Finally we walk the tree to print it back out using simple templates:

tree grammar PolyPrinter;
options {
    tokenVocab=Poly;
    ASTLabelType=CommonTree;
    output=template;
}

poly:   ^('+'  a=poly b=poly)   -> template(a={$a.st},b={$b.st}) "<a>+<b>"
    |   ^(MULT a=poly b=poly)   -> template(a={$a.st},b={$b.st}) "<a><b>"
    |   ^('^'  a=poly b=poly)   -> template(a={$a.st},b={$b.st}) "<a>^<b>"
    |   INT                     -> {%{$INT.text}}
    |   ID                      -> {%{$ID.text}}
    ;

Here is a test rig:

import org.antlr.runtime.*;
import org.antlr.runtime.tree.*;

public class Main {
    public static void main(String[] args) throws Exception {
        CharStream input = null;
        if ( args.length>0 ) {
            input = new ANTLRFileStream(args[0]);
        }
        else {
            input = new ANTLRInputStream(System.in);
        }

        // BUILD AST
        PolyLexer lex = new PolyLexer(input);
        CommonTokenStream tokens = new CommonTokenStream(lex);
        PolyParser parser = new PolyParser(tokens);
        PolyParser.poly_return r = parser.poly();
        System.out.println("tree="+((Tree)r.tree).toStringTree());

        // DIFFERENTIATE
        CommonTreeNodeStream nodes = new CommonTreeNodeStream((Tree)r.tree);
        nodes.setTokenStream(tokens);
        PolyDifferentiator differ = new PolyDifferentiator(nodes);
        PolyDifferentiator.poly_return r2 = differ.poly();
        System.out.println("d/dx="+((Tree)r2.tree).toStringTree());

        // SIMPLIFY / NORMALIZE
        nodes = new CommonTreeNodeStream((Tree)r2.tree);
        nodes.setTokenStream(tokens);
        Simplifier reducer = new Simplifier(nodes);
        Simplifier.poly_return r3 = reducer.poly();
        System.out.println("simplified="+((Tree)r3.tree).toStringTree());
        // CONVERT BACK TO POLYNOMIAL
        nodes = new CommonTreeNodeStream((Tree)r3.tree);
        nodes.setTokenStream(tokens);
        PolyPrinter printer = new PolyPrinter(nodes);
        PolyPrinter.poly_return r4 = printer.poly();
        System.out.println(r4.st.toString());
    }
}

Running the rig on "2x+3x^5" shows:

tree=(+ (* 2 x) (* 3 (^ x 5)))
d/dx=(+ 2 (* 15 (^ x 4)))
simplified=(+ 2 (* 15 (^ x 4)))
2+15x^4

Rewriting an existing AST

For efficiency, option rewrite=true does an in-line replacement for rewrite rules so you can avoid making a copy of an entire tree just to tweak a few nodes. For example, if you have a huge expression tree but only want to rewrite ^('+' INT INT) to be a single INT node, it's better not to duplicate the entire huge tree. The rewrite mode behaves exactly the same as nonrewrite mode except that rewrites stitch changes into the incoming tree. Nodes are not duplicated for rules w/o rewrites.

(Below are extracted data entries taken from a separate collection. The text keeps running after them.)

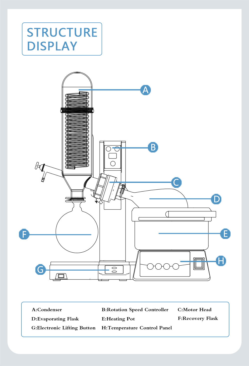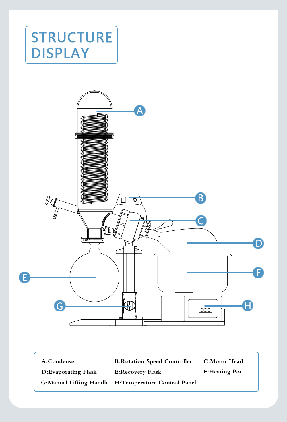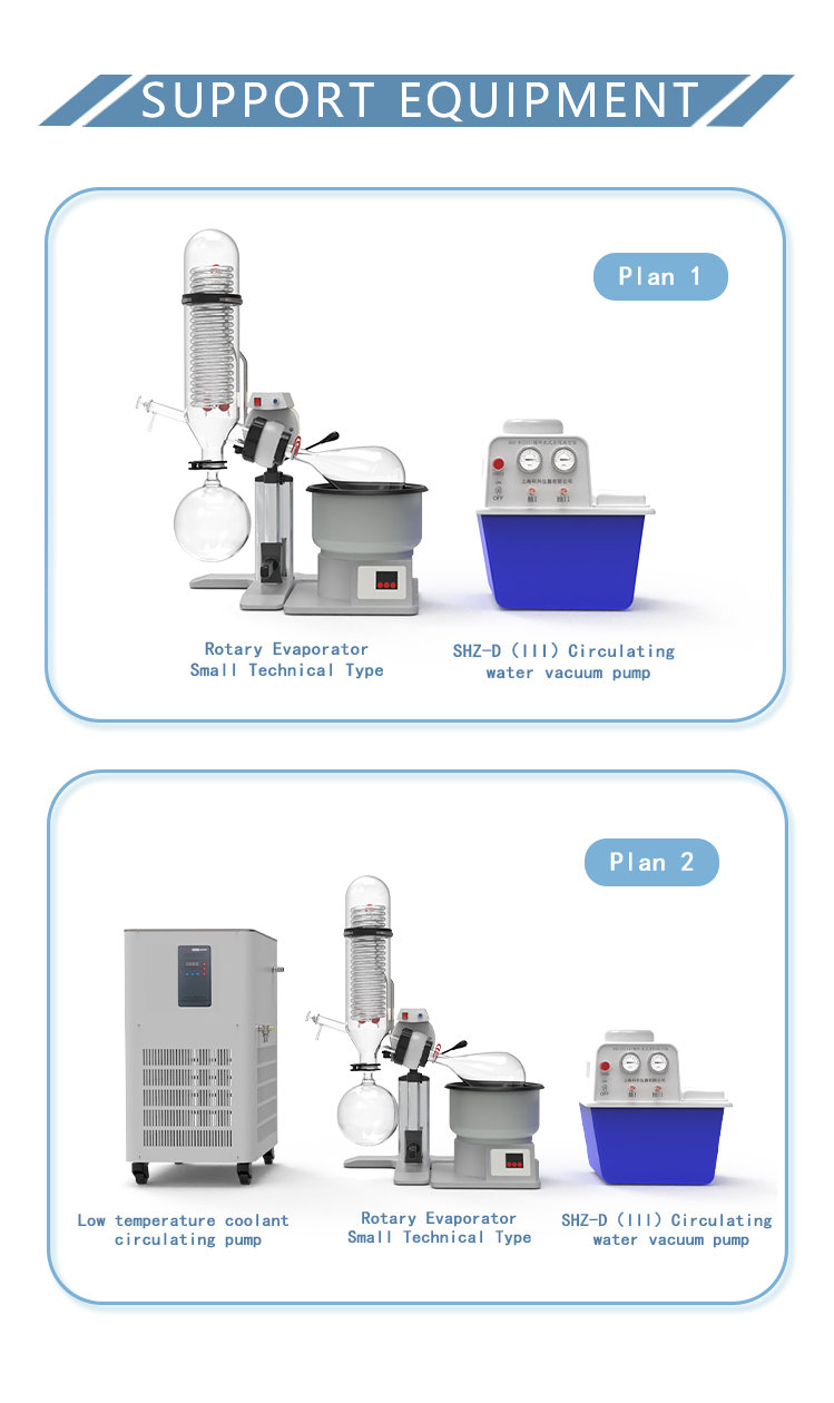 Rotary evaporator is mainly used for continuous distillation of large amount of volatile solvents under reduced pressure. It is suitable for extracting solvents or separating mixed solutions, and can be used in the following experiments or product production: ① solution concentration; ② solvent recovery; ③ chemical separation; ④ essential oil extraction; ⑤ removing solvents from samples. Especially for the concentration and crystallization of extracts and the distillation of receiving solution in chromatographic separation. The basic principle of rotary evaporator is vacuum distillation, i.e., under the condition of reduced pressure, the glass bottle with reaction materials is rotated at constant speed and heated uniformly at constant temperature, the boiling point of materials is lowered, the liquid forms a film and evaporates, and then the solvents are recovered through the glass coiled condenser and collector. It is the ideal equipment for experiments and production in the fields of pharmacy, chemical industry, foodstuff, material and so on.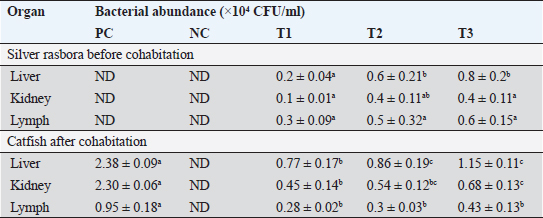Fig. 1. Mean values for hematological parameters in catfish (Clarias sp.) pre- and postcohabitation with E. tarda carrier silver rasbora (R. argyrotaenia). PC: positive control; NC: negative control; E. tarda carrier silver rasbora cohabitate with catfish at ratios of 1:1 (T1); 1:2 (T2), and 2:1 (T3). a. RBCs, b. Hb, c. WBCs, d. Neutrophils, e. Monocytes, and f. Lymphocytes. Table 1. Bacterial abundance of different organs in silver rasbora and catfish before and after cohabitation. Different superscript showed significant different (p < 0.05).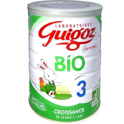 Depuis plus d’un siècle, Guigoz accompagne le développement harmonieux des bébés et la sérénité de leur maman en proposant des laits infantiles de qualité, conçus pour apporter une réponse adaptée à tous les besoins nutritionnels et/ou digestifs des tout-petits. Le lait Croissance 3 de Guigoz Bio est à base d’ingrédients agricoles issus de l’agriculture biologique pour le respect de l’environnement de de la biodiversité et provient des vaches nourries de pâturages et fourrages élevées en plein air. Il est spécialement formulé pour apporter tous les éléments nutritifs essentiels à la croissance des jeunes enfants de 10 à 36 mois avant le passage au lait de vache. Ce lait au goût naturel, apporte deux fois moins de protéines que le lait de vache, des vitamines, des minéraux, et de l'acide alpha-linoléique (AAL) qui est un acide gras essentiel de la famille des oméga 3, qui favorisent le développement normal neurosensoriel des tout-petits (système immunitaire et cérébral, formation des os).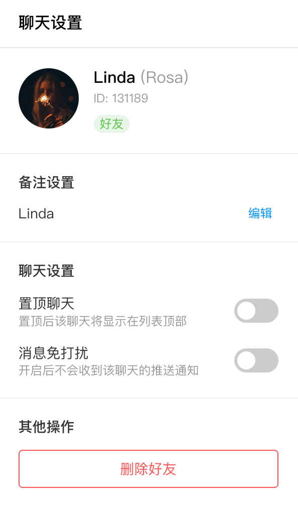 关闭免打扰。该方法会自动调用底层 API 并更新状态。setUserRemark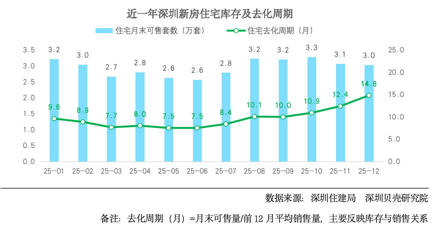 整体来看,2025年深圳新房住宅供应收缩且去化放缓,市场去化效率有所降低。12月底新房住宅库存缩至3.0万套,反映库存消化速度的去化周期从1月的9.6个月升至12月的14.8个月,尤其下半年8月后涨幅明显,或与销售节奏放缓相关。
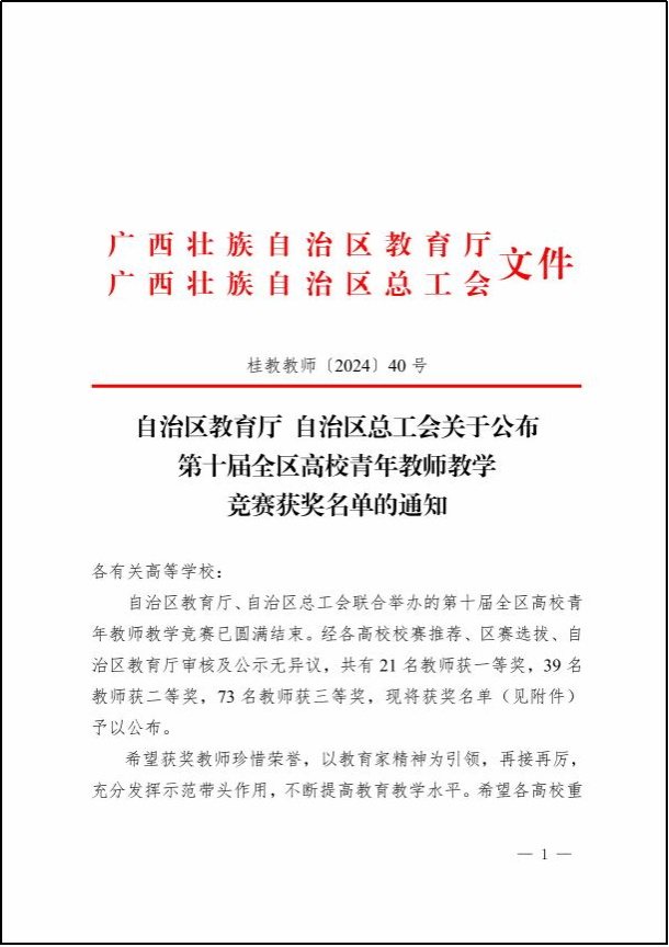广西建院6月25日讯(教师发展中心 张望)近日,由自治区教育厅、自治区总工会联合举办的第十届全区高校青年教师教学竞赛在广西师范大学圆满落下帷幕。来自全区75所高校259名教师参加初赛,58所高校的134名教师晋级决赛。经过激烈角逐,首页马克思主义学院教师万秀熠荣获思政组一等奖、人文教育学院教师林怡荣获理科组一等奖、市政与交通学院教师宋柳荣获工科组二等奖。学校高度重视此次比赛,教师发展中心、工会等部门精心组织与配合,...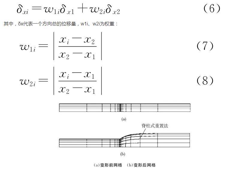 在數(shù)值模擬時,熔體自由表面在模擬的過程中會發(fā)生變形,自由表面的網(wǎng)格會因為自由表面位置的變化而發(fā)生變化。此時,需要采用網(wǎng)格重置技術(shù)。網(wǎng)格重置可以根據(jù)邊界點的位置的變化重新定位內(nèi)部網(wǎng)格節(jié)點。Spine法是一種比較簡單,適用于二維擠出成型的網(wǎng)格重置方法。其網(wǎng)格節(jié)點是沿著線性進行重新組織的,如圖3所示。節(jié)點的位置確定是按照一維方式進行邏輯排列的,這就像是對二維平面進行切片,切片的方式是沿著自由表面或者移動邊界的法向方向,從而得到最終的網(wǎng)格。Spine法是線性組織的,并且在每個線段的端點處都有相應(yīng)的節(jié)點。假設(shè)x1、x2是線段的2個端點。按照Spine法的規(guī)則,內(nèi)部節(jié)點的位移數(shù)學(xué)表達式為: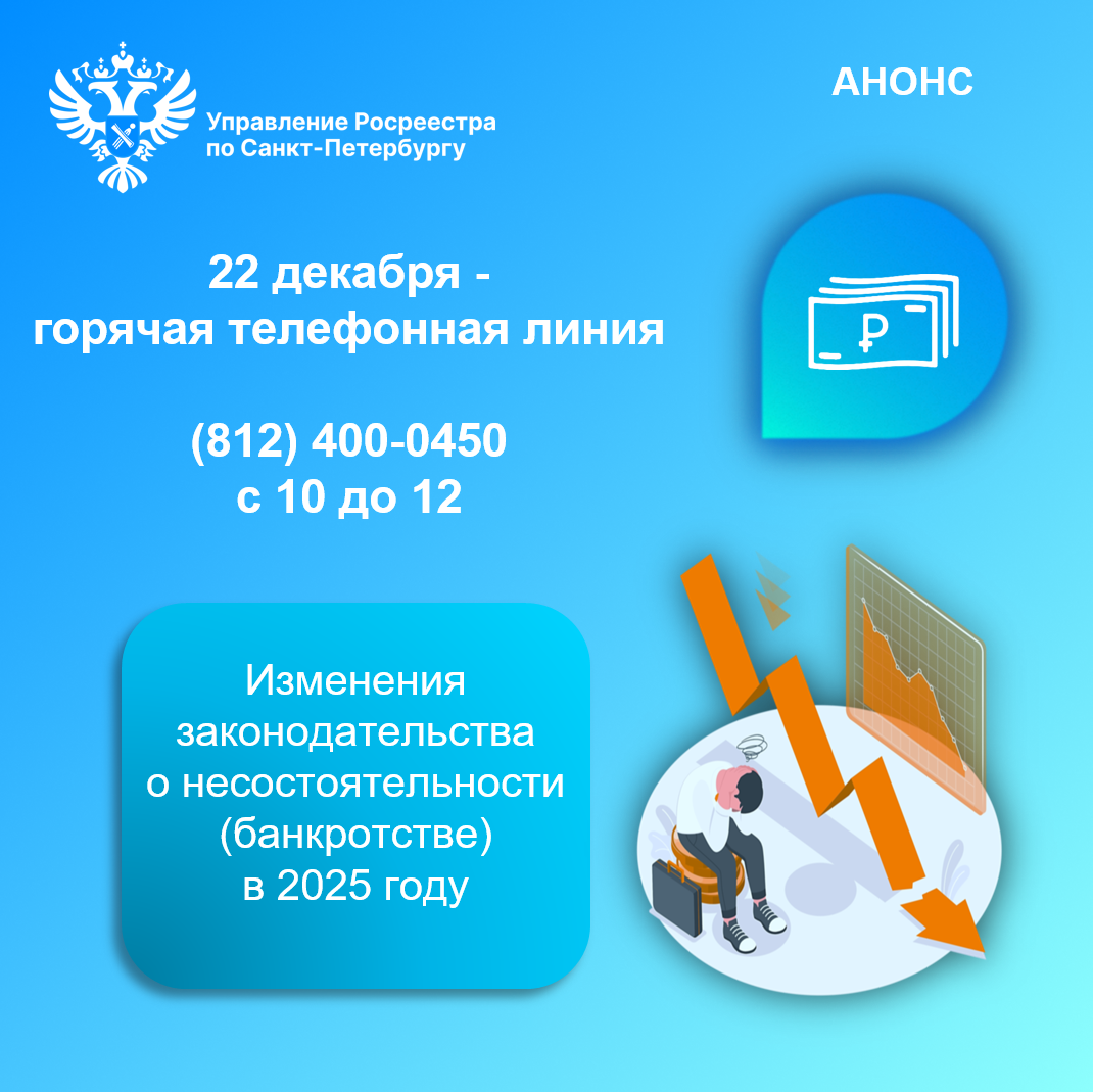 22 декабря 2025 года с 10.00 до 12.00 часов Управление Росреестра по Санкт-Петербургу проводит горячую телефонную линию на тему «Основные изменения в законодательстве о несостоятельности (банкротстве) в 2025 году»

The result of a rule with a rewrite is the newly created tree. The result of a rule w/o a rewrite is simply the incoming tree. For chains of rule invocations as in the next example, ANTLR copies rewrites upwards so that the action in rule 's' prints out the tree created in b:

tree grammar TP;
options {output=AST; ASTLabelType=CommonTree; tokenVocab=T; rewrite=true;}
s : a {System.out.println($a.tree.toStringTree());} ;
a : b ;
b : ID INT -> INT ID ;

Heterogeneous tree nodes

By default, with output=AST, ANTLR creates trees of type CommonTree. To create different nodes depending on the incoming token type, you can override create(Token) and YourTreeClass.dupNode(Object) and errorNode() in a subclass of CommonTreeAdaptor or implement your own TreeAdaptor. Unfortunately, this only allows you to change the node type based upon the token type and not grammatical context. Sometimes you want to have ID become a VarNode and sometimes they MethodNode object. As of v3.1, you can use the node token option to indicate node type (in both parsers and tree parsers):

decl : 'int'<node=TypeNode> ID<node=VarNode> ';' ;

or equivalently

decl : 'int'<TypeNode> ID<VarNode> ';' ;

because node is assumed if there is only one option and it is not an option assignment. Token references with node options and invoke the following constructor during tree construction:

public V(Token t); // NEED SPECIAL CTOR for ID<V> on left of ->

You can specify the node type on any token reference including liberals:

a : ID<V> ';'<V>

The "become root" operator ^ is used following the token options:

e : INT '+'<PlusNode>^ INT ;

Labels are available as usual; e.g., x=ID<V> and x+=ID<V>.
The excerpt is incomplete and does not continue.